▶ Dataset entries

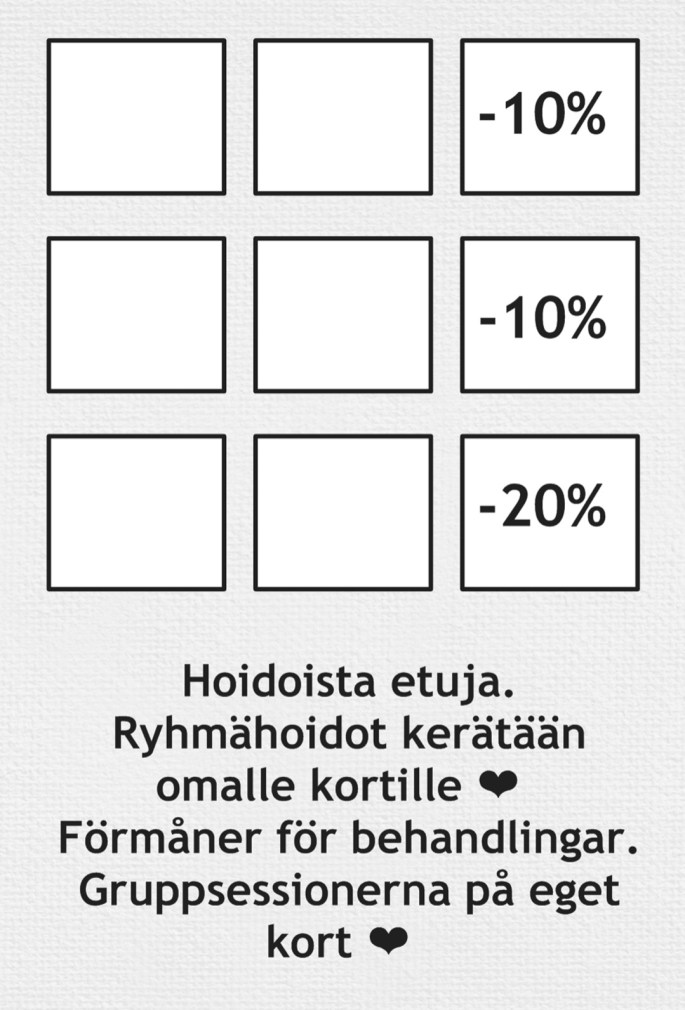 🇫🇮 Tiesitkö että voit kerätä hoitokertojasi keräilykortille, jolloin saat joka kolmannelle hoidolle alennusta? Yleinen suositus on vähintään kolme peräkkäistä hoitokertaa, jolloin hoito pääsee vaikuttamaan syvimpiin kerroksiin. Ryhmäsessiolle tulee olla oma kortti. Sydämellisesti Tervetuloa hoitoon! Varaa aikasi jo tänään.
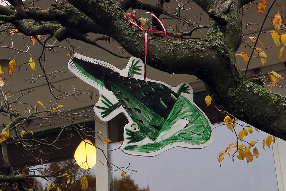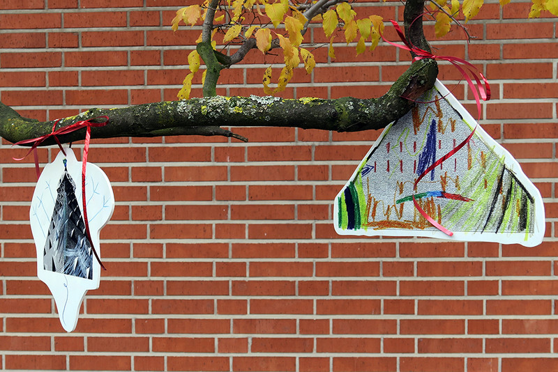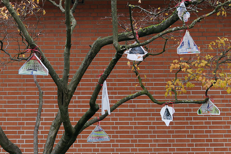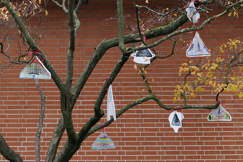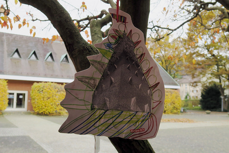 Und weil grad die Adventszeit vor der Tür steht, bringen die Kinder ihre Kirchenvisionen als Geschenke mit zu ihrem Besuch bei der Pfarrerin. Auf wetterfeste Kunststoffplatten gedruckt verzieren sie nun bis Weihnachten die beiden Bäumchen vor dem Eingang zum Kirchgemeindesaal. Ganz in der Tradition von Weihnachtsbaumschmuck.
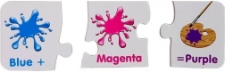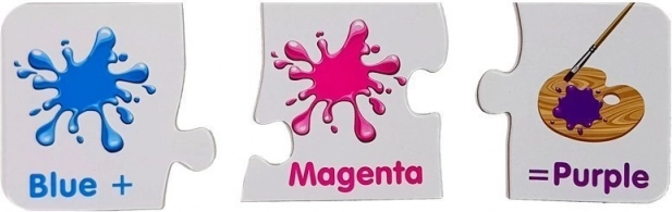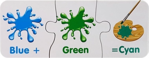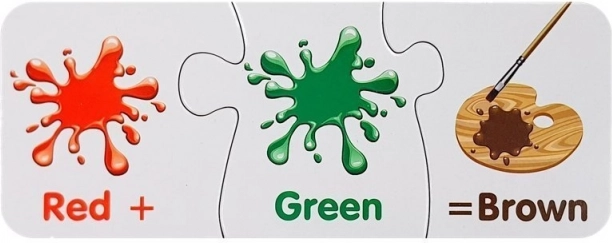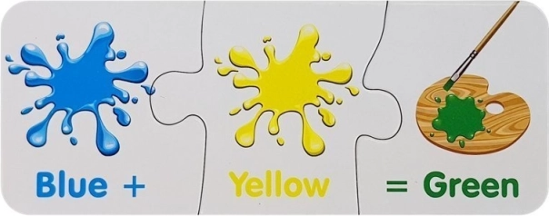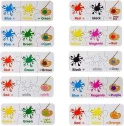 Chaque mini-puzzle montre deux couleurs et la teinte résultante. Les enfants comprennent rapidement les principes du mélange et mémorisent mieux les couleurs.
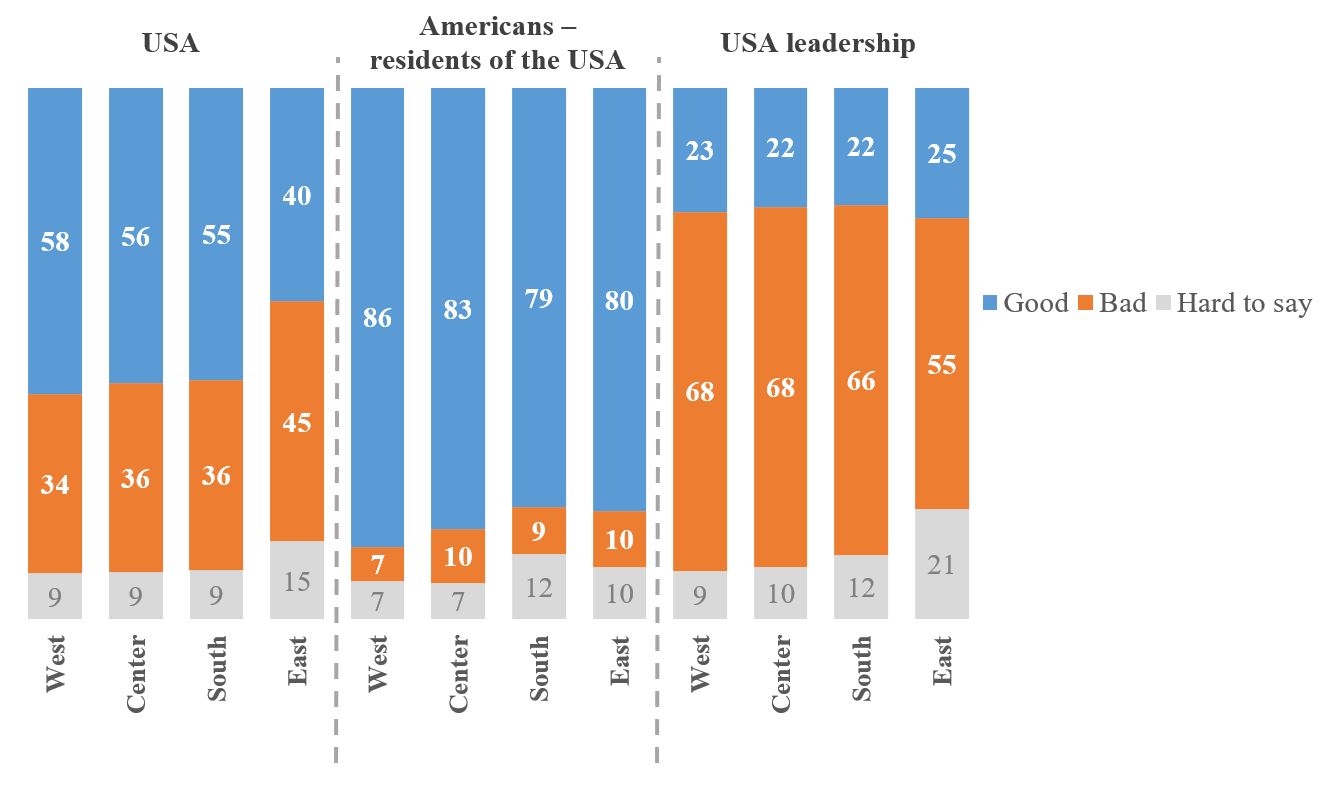 The graph below shows the data in a regional dimension[1]. In almost all cases, the figures do not differ significantly between regions. The only exception is the attitude towards the US in general in the East, where only 40% answered “good” (compared to 55-58% in other regions). However, in the case of attitudes towards Americans living in the US and the US leadership, respondents in the East do not differ significantly.
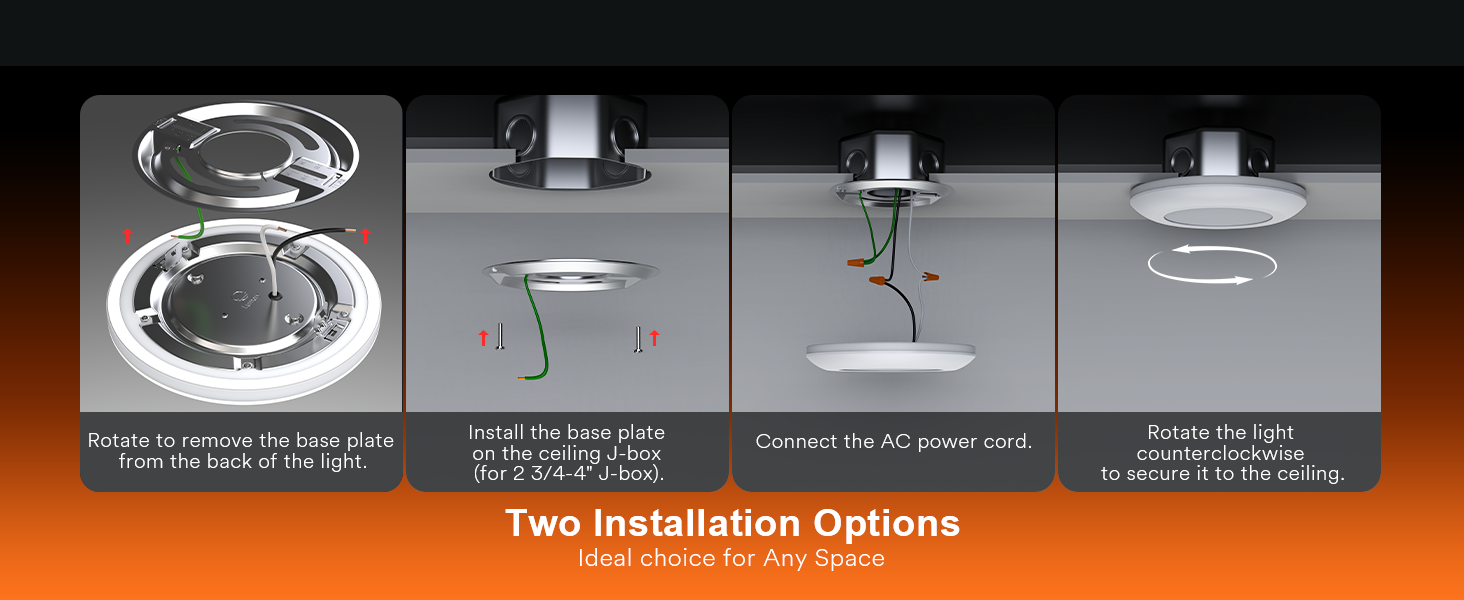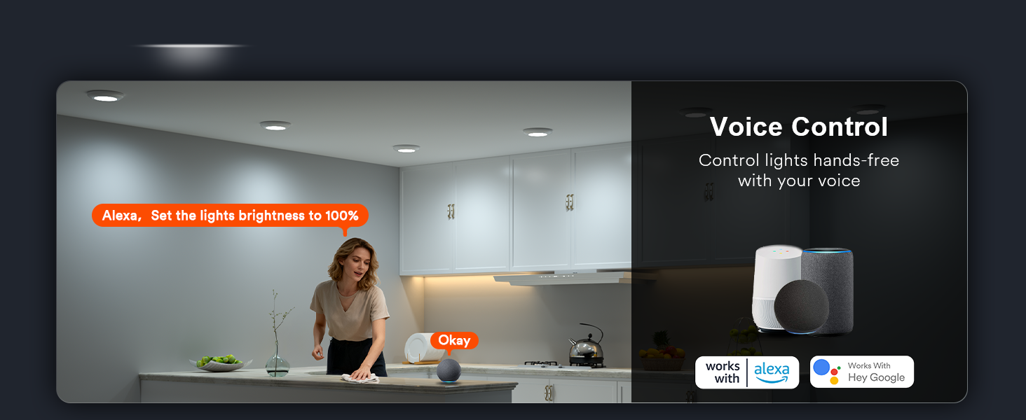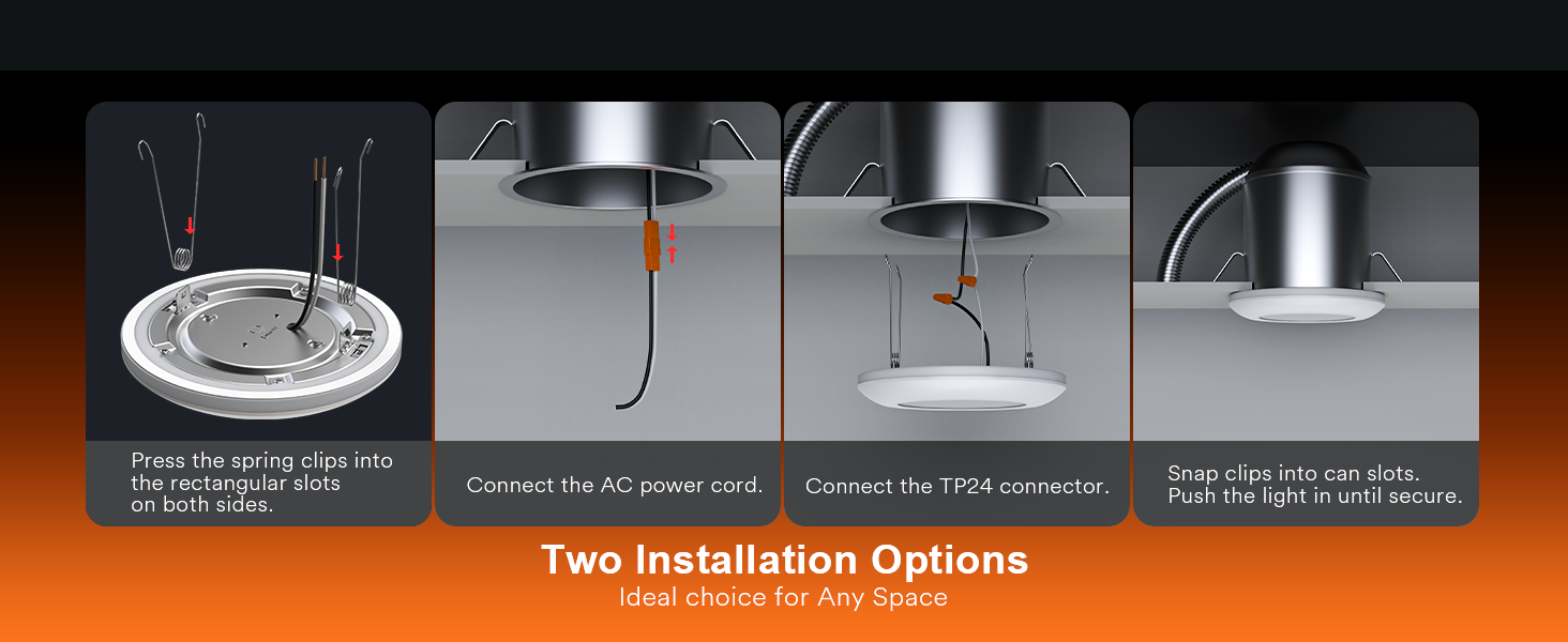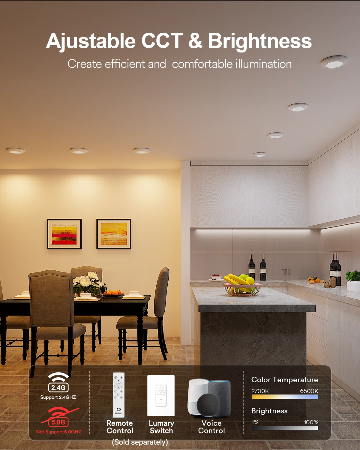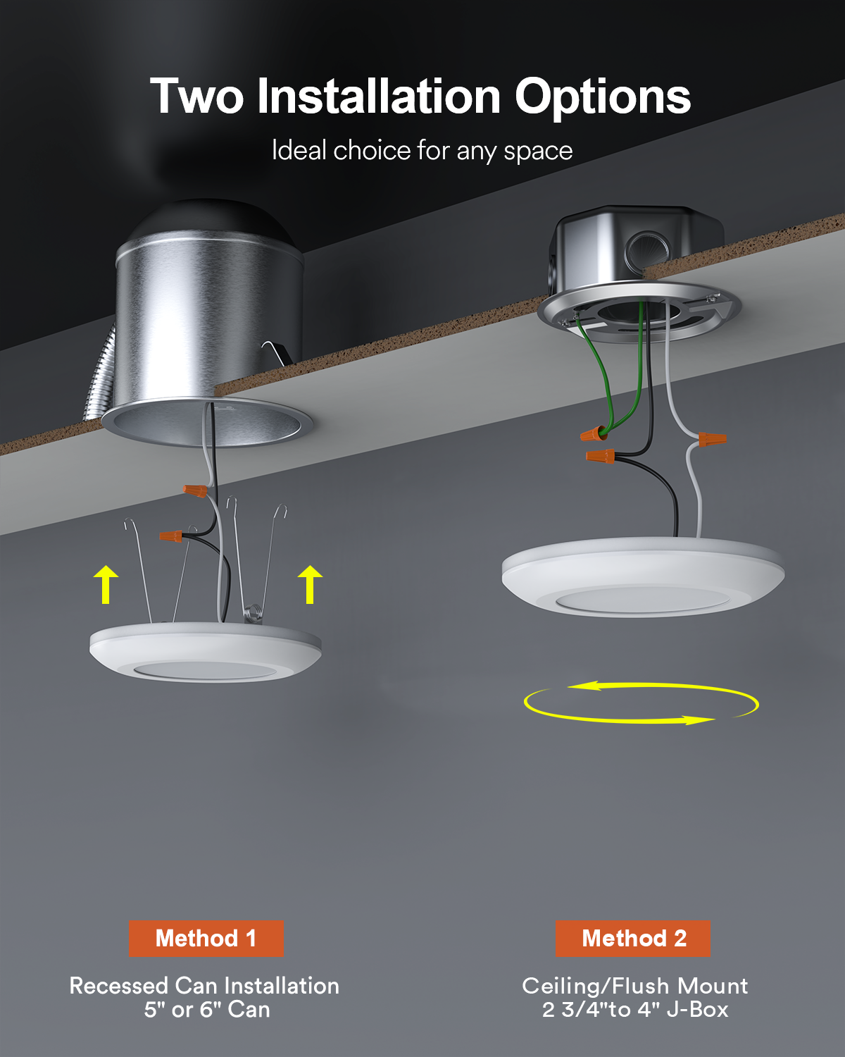 Dual Mounting Options: Designed for versatility, this smart recessed light 6 inch fits standard 2-3/4"–4" junction boxes and 5/6-inch recessed cans. Perfect for new construction or retrofit projects, ideal for living rooms, bedrooms, kitchens, hallways, offices, and more

▶ How to complete this task
Repeat all of the records verbatim, leaving out the pictures.

▶ Solution
 🇫🇮 Tiesitkö että voit kerätä hoitokertojasi keräilykortille, jolloin saat joka kolmannelle hoidolle alennusta? Yleinen suositus on vähintään kolme peräkkäistä hoitokertaa, jolloin hoito pääsee vaikuttamaan syvimpiin kerroksiin. Ryhmäsessiolle tulee olla oma kortti. Sydämellisesti Tervetuloa hoitoon! Varaa aikasi jo tänään.
 Und weil grad die Adventszeit vor der Tür steht, bringen die Kinder ihre Kirchenvisionen als Geschenke mit zu ihrem Besuch bei der Pfarrerin. Auf wetterfeste Kunststoffplatten gedruckt verzieren sie nun bis Weihnachten die beiden Bäumchen vor dem Eingang zum Kirchgemeindesaal. Ganz in der Tradition von Weihnachtsbaumschmuck.
 Chaque mini-puzzle montre deux couleurs et la teinte résultante. Les enfants comprennent rapidement les principes du mélange et mémorisent mieux les couleurs.
 The graph below shows the data in a regional dimension[1]. In almost all cases, the figures do not differ significantly between regions. The only exception is the attitude towards the US in general in the East, where only 40% answered “good” (compared to 55-58% in other regions). However, in the case of attitudes towards Americans living in the US and the US leadership, respondents in the East do not differ significantly.
 Dual Mounting Options: Designed for versatility, this smart recessed light 6 inch fits standard 2-3/4"–4" junction boxes and 5/6-inch recessed cans. Perfect for new construction or retrofit projects, ideal for living rooms, bedrooms, kitchens, hallways, offices, and more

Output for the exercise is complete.